**To do:** The material below has pictures in it. Set down only the lines from the line containing "ло акценты в" through the line containing "ติดรางเก็บสายไฟ", word for word, and leave the pictures behind.

**Given records:**
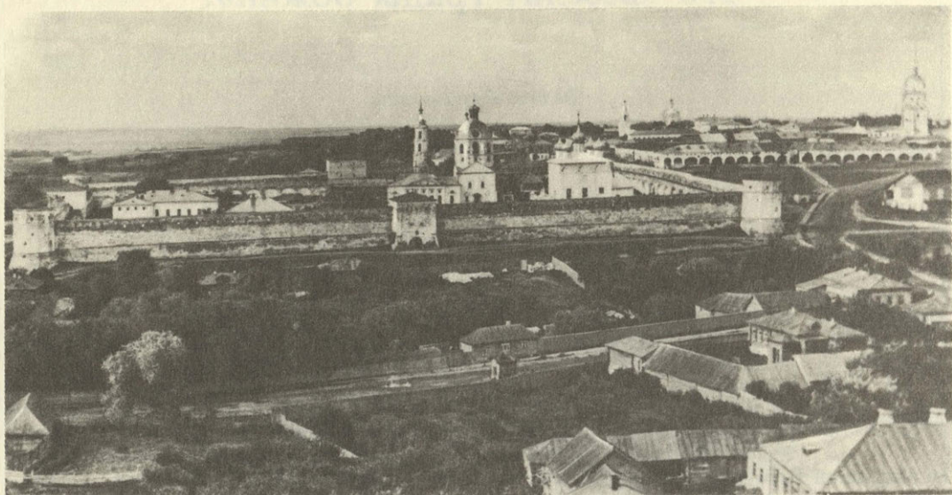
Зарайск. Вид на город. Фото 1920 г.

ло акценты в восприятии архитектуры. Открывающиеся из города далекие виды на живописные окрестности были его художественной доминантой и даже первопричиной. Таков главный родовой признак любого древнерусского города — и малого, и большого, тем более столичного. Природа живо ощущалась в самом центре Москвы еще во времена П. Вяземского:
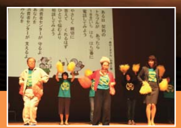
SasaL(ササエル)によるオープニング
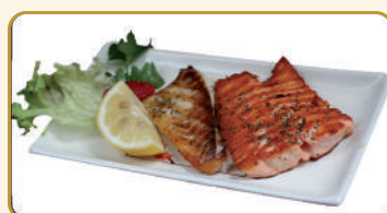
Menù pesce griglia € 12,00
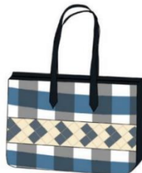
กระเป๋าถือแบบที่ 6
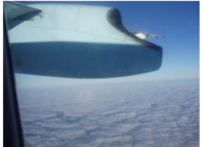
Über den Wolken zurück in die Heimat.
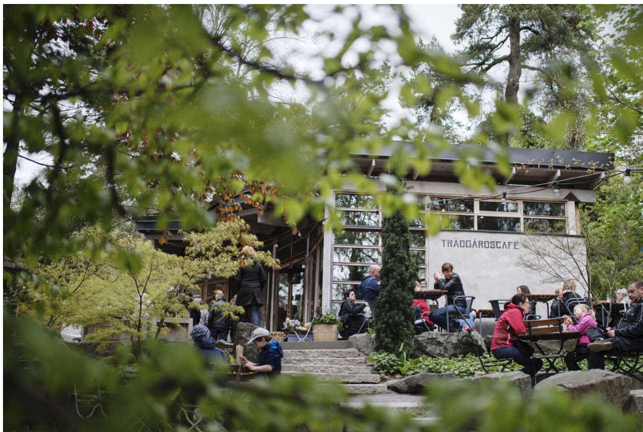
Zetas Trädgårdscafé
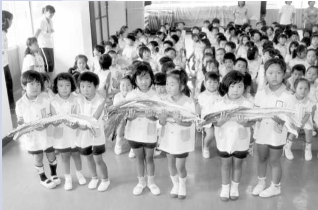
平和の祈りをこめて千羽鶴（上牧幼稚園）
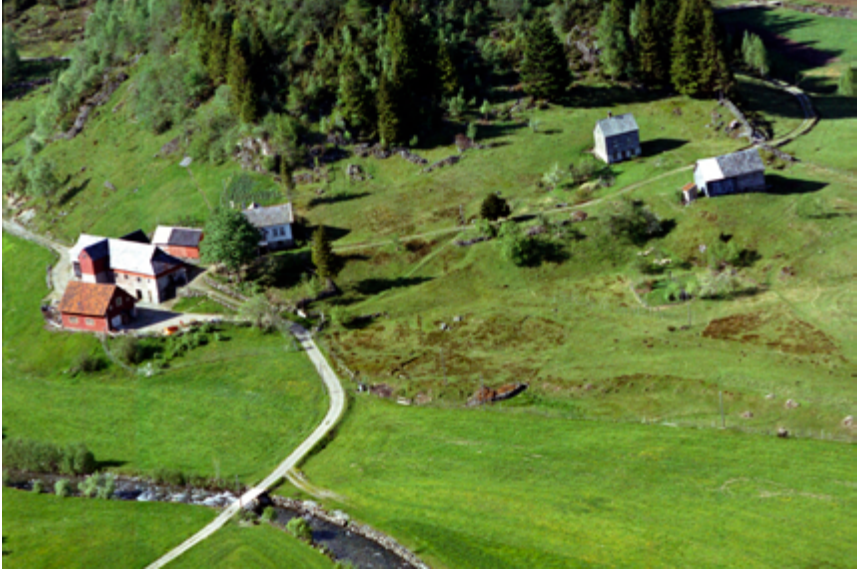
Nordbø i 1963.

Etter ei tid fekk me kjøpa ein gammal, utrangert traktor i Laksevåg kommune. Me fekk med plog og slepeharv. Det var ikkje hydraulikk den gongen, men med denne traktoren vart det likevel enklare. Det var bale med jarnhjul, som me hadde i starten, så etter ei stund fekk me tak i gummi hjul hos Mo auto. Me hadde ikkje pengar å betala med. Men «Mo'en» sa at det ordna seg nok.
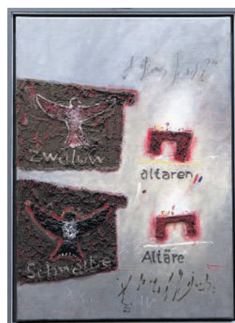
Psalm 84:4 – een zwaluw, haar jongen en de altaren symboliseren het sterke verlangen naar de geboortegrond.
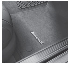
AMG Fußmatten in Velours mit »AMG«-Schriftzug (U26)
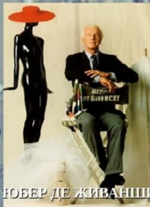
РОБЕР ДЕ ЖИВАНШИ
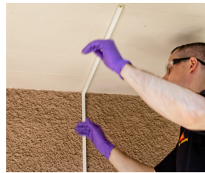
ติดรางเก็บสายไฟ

---

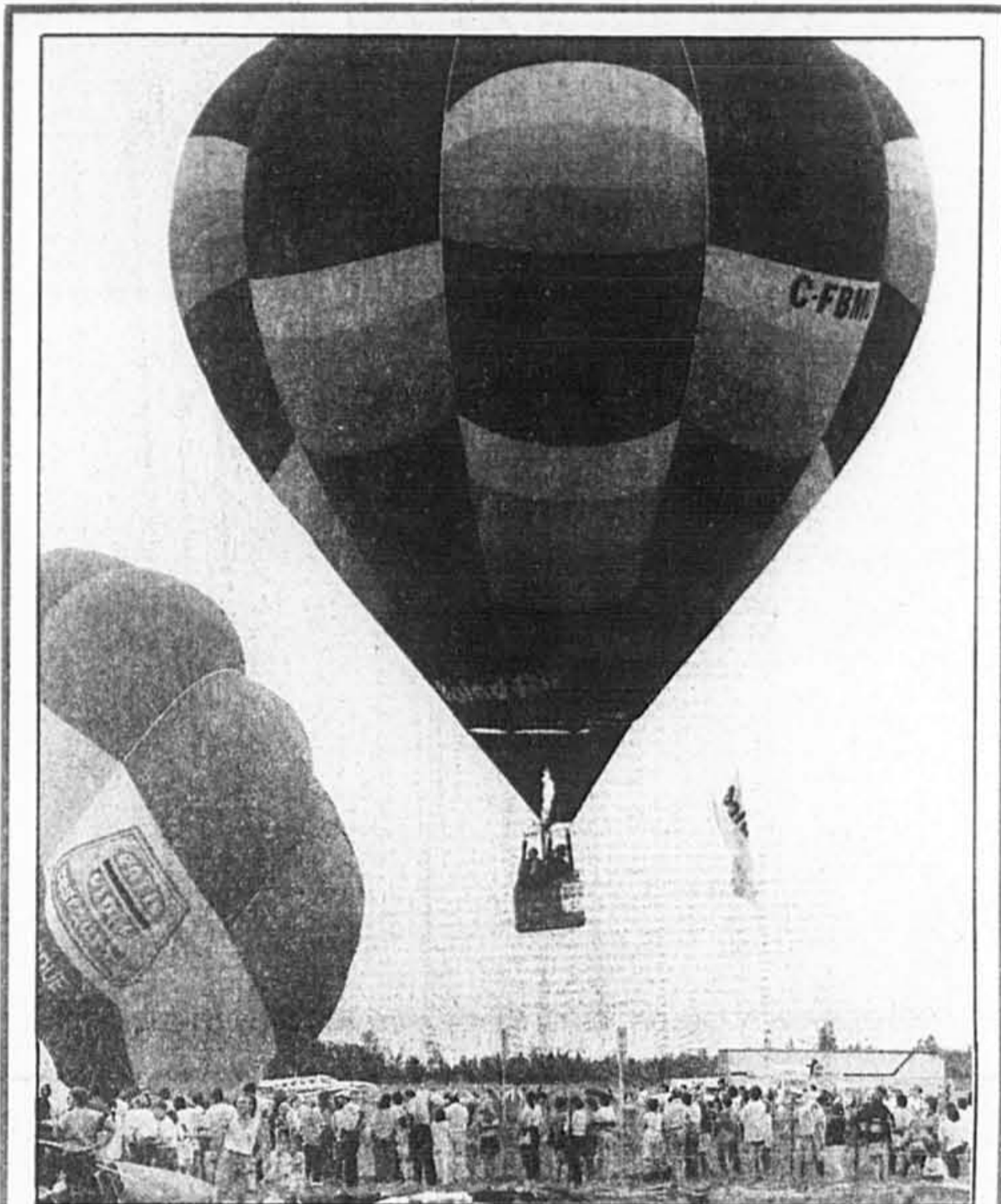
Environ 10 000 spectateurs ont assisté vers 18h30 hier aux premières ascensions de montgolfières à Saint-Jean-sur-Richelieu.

**Task response:**
ло акценты в восприятии архитектуры. Открывающиеся из города далекие виды на живописные окрестности были его художественной доминантой и даже первопричиной. Таков главный родовой признак любого древнерусского города — и малого, и большого, тем более столичного. Природа живо ощущалась в самом центре Москвы еще во времена П. Вяземского:
SasaL(ササエル)によるオープニング
Menù pesce griglia € 12,00
กระเป๋าถือแบบที่ 6
Über den Wolken zurück in die Heimat.
Zetas Trädgårdscafé
平和の祈りをこめて千羽鶴（上牧幼稚園）
Nordbø i 1963.

Etter ei tid fekk me kjøpa ein gammal, utrangert traktor i Laksevåg kommune. Me fekk med plog og slepeharv. Det var ikkje hydraulikk den gongen, men med denne traktoren vart det likevel enklare. Det var bale med jarnhjul, som me hadde i starten, så etter ei stund fekk me tak i gummi hjul hos Mo auto. Me hadde ikkje pengar å betala med. Men «Mo'en» sa at det ordna seg nok.
Psalm 84:4 – een zwaluw, haar jongen en de altaren symboliseren het sterke verlangen naar de geboortegrond.
AMG Fußmatten in Velours mit »AMG«-Schriftzug (U26)
РОБЕР ДЕ ЖИВАНШИ
ติดรางเก็บสายไฟ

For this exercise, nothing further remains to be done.